CASE REPORT article
Sec. General Cardiovascular Medicine
Massive Right Atrial Thrombosis: Are You Brave Enough to Start Anticoagulation? A Case Report
- 1Cardiovascular Disease Fellowship Program, University of Milan, Milan, Italy
- 2Monzino Cardiology Center, Istituto di Ricovero e Cura a Carattere Scientifico, Milan, Italy
- 3Department of Clinical Sciences and Community Health, Cardiovascular Section, University of Milan, Milan, Italy
- 4Department of Biomedical and Clinical Sciences, Luigi Sacco Hospital, University of Milan, Milan, Italy
Chronic myelomonocytic leukemia (CMML) is a clonal hematopoietic stem cell disorder with overlapping myelodysplastic and myeloproliferative features. The disease is generally characterized by blood monocytosis, bone marrow dysplasia, cytopenia, and hepatosplenomegaly.

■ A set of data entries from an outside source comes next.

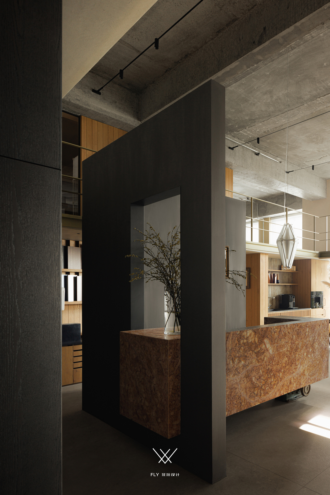 无论世事如何变迁,人追逐自然的渴望未曾减退,身在闹市,总向往着峰林之间的虫鸣鸟啼、树石水潺,一草一木都能唤醒内心的静与美。宋老师希望办公室就是具备这种属性的空间,让人感受到平和与自由,拉近身之所在与心之向往的距离。采集山石林木元素应用于室内,顶面铲掉白灰保留清水混凝土质感,空间散发着随性、原始、自然的气息,让内心寻得一份归属感。空间内自然的曲调悠扬,也有着人文的细吟。
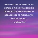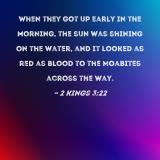 When they got up early in the morning, the sun was shining on the water, and it looked as red as blood to the Moabites across the way.
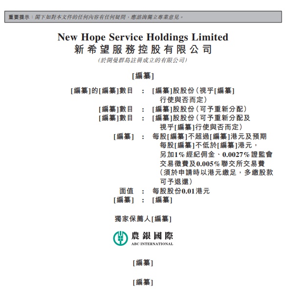 智通财经APP获悉,5月9日,港交所最新信息显示,新希望服务控股有限公司通过港交所上市聆讯,农银国际担任其独家保荐人。
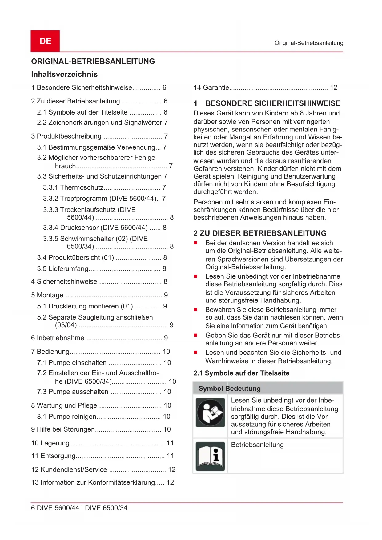 - 1 1/2“ 1 1/2‘‘ 0,5 mm 0,5 mm ≈ 400 mm ≈ 200 mm On: ≈ 2 bar Off: ≈ 4,4 bar ≈ 35 °C ≈ 35 °C 10 kg 11 kg 10 m 10 mDE 6 DIVE 5600/44 | DIVE 6500/34 Original-Betriebsanleitung ORIGINAL-BETRIEBSANLEITUNG Inhaltsverzeichnis 1 Besondere Sicherheitshinweise p. 6
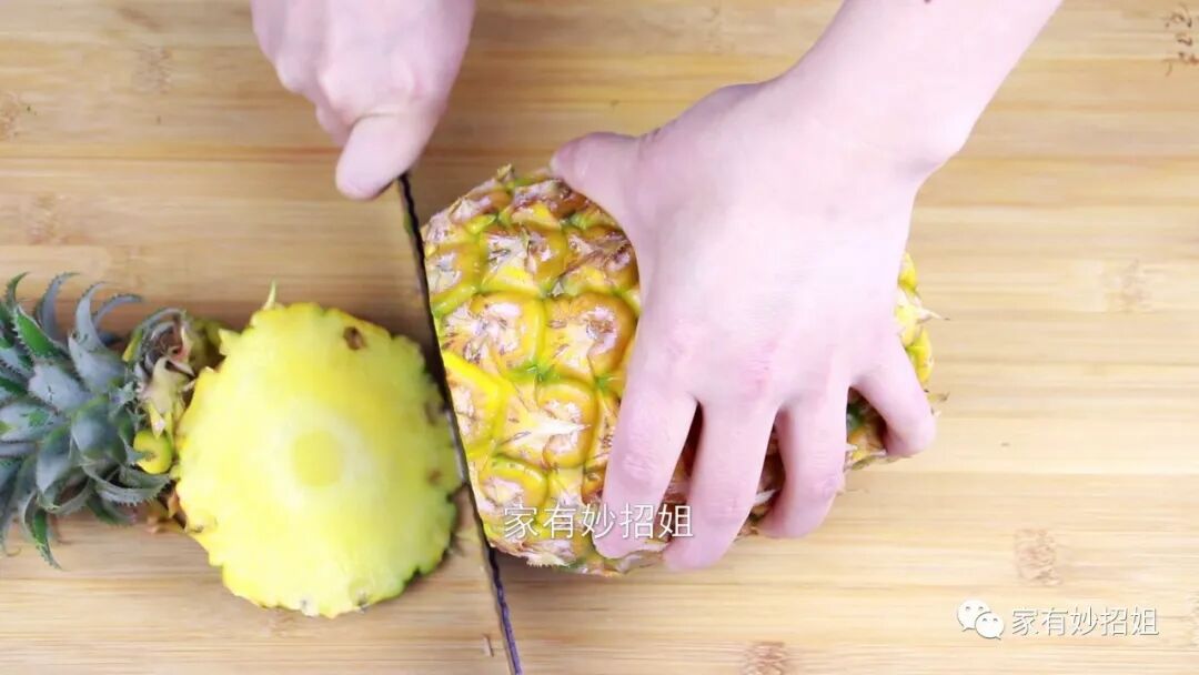 菠萝头尾切掉后,把菠萝从中间对半切开,我们先来切一半的菠萝,另外一半菠萝放在一边备用。

While malignant blood diseases are frequently associated with a high risk of thromboembolism, CMML is often accompanied by immune-mediated hemorrhagic diathesis. Indeed, very few reports in literature report thrombotic complications of CMML patients. We will briefly present here the case of a patient with CMML who developed a massive right atrial thrombus. We aim to highlight the non-negligible thrombotic burden of the disease, and we will get through the differential diagnosis of right atrial masses and the management of right atrial thrombi, which are a rare and poorly known entity.
Chronic myelomonocytic leukemia (CMML) is a clonal hematopoietic stem cell disorder with myelodysplastic and myeloproliferative overlap features. The disease is generally characterized by blood monocytosis, bone marrow dysplasia, cytopenias, and hepato-splenomegaly (1–4).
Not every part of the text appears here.